This example shows how to implement the SLAM algorithm on a series of 2-D lidar scans using scan processing and pose graph optimization (PGO). The goal of this example is to estimate the trajectory of the robot and build a map of the environment.

SLAM stands for simultaneous localization and mapping.

  • Localization — Estimating the pose of a robot in a known environment.

  • Mapping — Building the map of an unknown environment from a known robot pose and sensor data.

In the SLAM process, a robot creates a map of an environment while localizing itself. SLAM has a wide range of applications in robotics, self-driving cars, and UAVs.

In offline SLAM, a robot steers through an environment and records the sensor data. The SLAM algorithm processes this data to compute a map of the environment. The map is stored and used for localization, path-planning during the actual robot operation.

This example uses a 2-D offline SLAM algorithm. The algorithm incrementally processes recorded lidar scans and builds a pose graph to create a map of the environment. To overcome the drift accumulated in the estimated robot trajectory, the example uses scan matching to recognize previously visited places and then uses this loop closure information to optimize poses and update the map of the environment. To optimize the pose graph, this example uses a 2-D pose graph optimization function from Navigation Toolbox™.

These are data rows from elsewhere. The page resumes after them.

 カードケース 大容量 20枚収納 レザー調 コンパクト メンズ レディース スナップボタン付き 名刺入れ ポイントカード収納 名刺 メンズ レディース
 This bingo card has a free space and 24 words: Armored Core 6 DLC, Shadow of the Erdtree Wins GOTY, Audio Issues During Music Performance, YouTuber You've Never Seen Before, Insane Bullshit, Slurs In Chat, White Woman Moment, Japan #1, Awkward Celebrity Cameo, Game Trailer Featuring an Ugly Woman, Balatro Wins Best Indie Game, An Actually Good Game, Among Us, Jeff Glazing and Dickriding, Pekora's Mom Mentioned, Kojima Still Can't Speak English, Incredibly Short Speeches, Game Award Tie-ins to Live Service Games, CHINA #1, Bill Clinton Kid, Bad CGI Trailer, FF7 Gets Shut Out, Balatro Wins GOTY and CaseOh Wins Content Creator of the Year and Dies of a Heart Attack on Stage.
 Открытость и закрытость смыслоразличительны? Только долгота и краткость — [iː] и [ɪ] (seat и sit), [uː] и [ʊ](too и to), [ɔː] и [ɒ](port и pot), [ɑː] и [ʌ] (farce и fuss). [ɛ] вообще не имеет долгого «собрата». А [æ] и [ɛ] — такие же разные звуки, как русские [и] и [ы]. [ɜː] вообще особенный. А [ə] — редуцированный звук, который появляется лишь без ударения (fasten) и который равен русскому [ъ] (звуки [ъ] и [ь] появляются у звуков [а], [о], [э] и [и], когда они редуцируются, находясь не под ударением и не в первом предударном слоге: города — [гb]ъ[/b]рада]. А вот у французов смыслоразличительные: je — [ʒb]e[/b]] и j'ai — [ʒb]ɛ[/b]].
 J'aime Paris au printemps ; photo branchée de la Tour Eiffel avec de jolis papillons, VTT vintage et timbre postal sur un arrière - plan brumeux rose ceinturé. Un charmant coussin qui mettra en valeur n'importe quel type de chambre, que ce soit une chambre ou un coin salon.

In this example, you learn how to:

  • Estimate robot trajectory from a series of scans using scan registration algorithms.

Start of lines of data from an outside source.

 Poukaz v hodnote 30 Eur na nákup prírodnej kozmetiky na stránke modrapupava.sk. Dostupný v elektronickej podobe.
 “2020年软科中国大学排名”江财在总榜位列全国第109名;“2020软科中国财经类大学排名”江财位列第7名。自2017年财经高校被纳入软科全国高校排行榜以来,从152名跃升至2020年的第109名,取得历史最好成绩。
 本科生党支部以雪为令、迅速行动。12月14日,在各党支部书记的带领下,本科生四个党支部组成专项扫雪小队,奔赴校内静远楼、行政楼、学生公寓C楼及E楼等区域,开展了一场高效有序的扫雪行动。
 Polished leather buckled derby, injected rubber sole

  • Optimize the drift in the estimated robot trajectory by identifying previously visited places (loop closures).

  • Visualize the map of the environment using scans and their absolute poses.

Load Laser Scans

This example uses data collected in an indoor environment using a Jackal™ robot from Clearpath Robotics™. The robot is equipped with a SICK™ TiM-511 laser scanner with a maximum range of 10 meters. Load the wareHouse.mat file containing the laser scans into the workspace.

data = load("wareHouse.mat");
scans = data.wareHouseScans;

Estimate Robot Trajectory

Create a lidarscanmap object. Using this object, you can:

  • Store and add lidar scans incrementally.

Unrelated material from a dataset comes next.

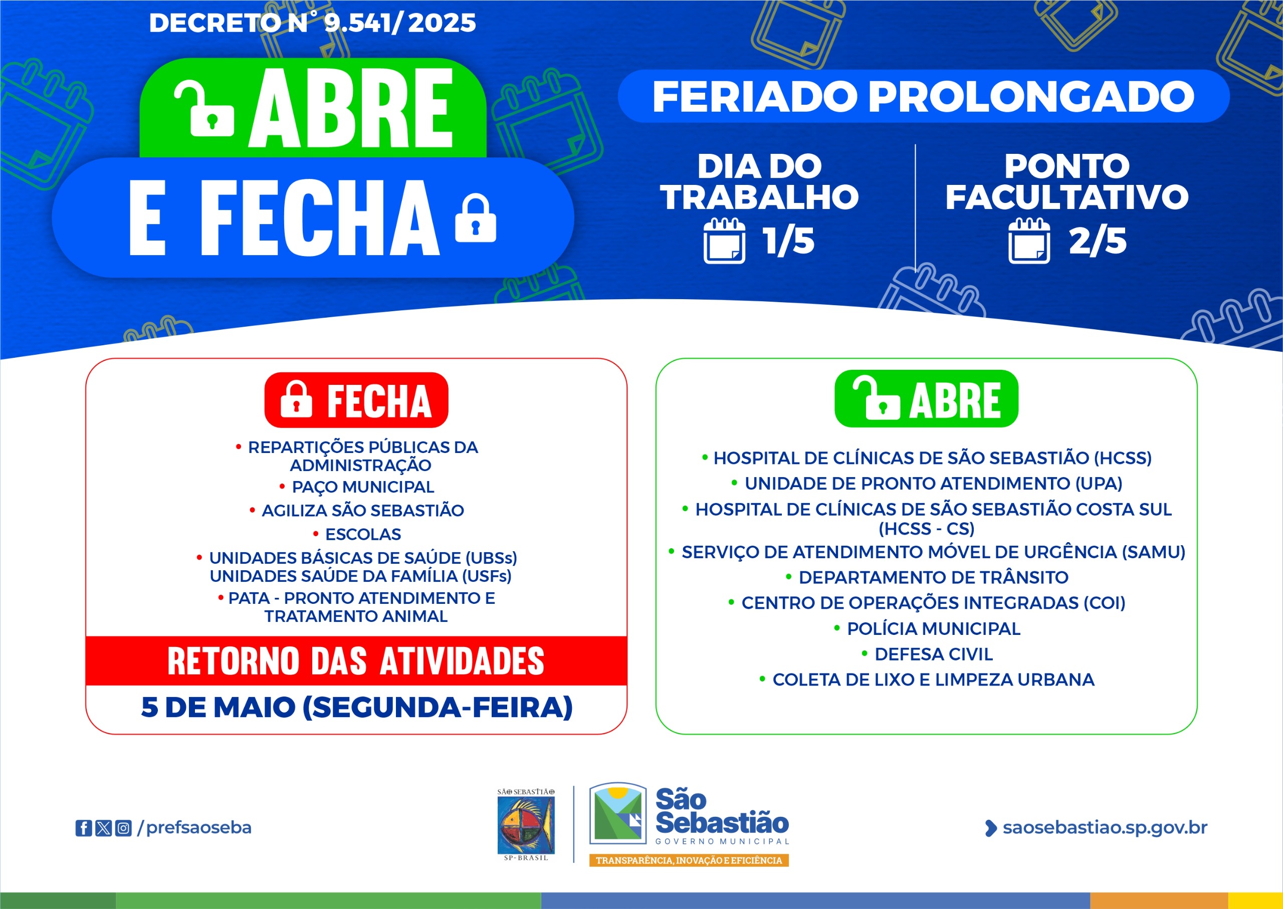 Em razão do feriado do Dia do Trabalho, comemorado em 1° de maio, e do ponto facultativo nesta sexta-feira (2/5), a Prefeitura de São Sebastião informa como será o funcionamento dos serviços públicos no período.

  • Detect, add, and delete loop closures.

  • Find and update the absolute poses of the scans.

  • Generate and visualize a pose graph.

Specify the maximum lidar range and grid resolution values. You can modify these values to fine-tune the map of the environment. Use these values to create the lidar scan map.

maxLidarRange = 8;
gridResolution = 20;
mapObj = lidarscanmap(gridResolution,maxLidarRange);

Incrementally add scans from the input data to the lidar scan map object by using the addScan function. This function rejects scans if they are too close to consecutive scans.

for i = 1:numel(scans)
    isScanAccepted = addScan(mapObj,scans{i});
     if ~isScanAccepted

Reconstruct the scene by plotting the scans and poses tracked by the lidar scan map.

hFigMap = figure;
axMap = axes(Parent=hFigMap);
title(axMap,"Map of the Environment and Robot Trajectory")

Figure contains an axes object. The axes object with title Map of the Environment and Robot Trajectory contains 72 objects of type line.

Notice that the estimated robot trajectory drifts over time. The drift can be due to any of these reasons:

  • Noisy scans from the sensor, without sufficient overlap.

  • Absence of significant features in the environment.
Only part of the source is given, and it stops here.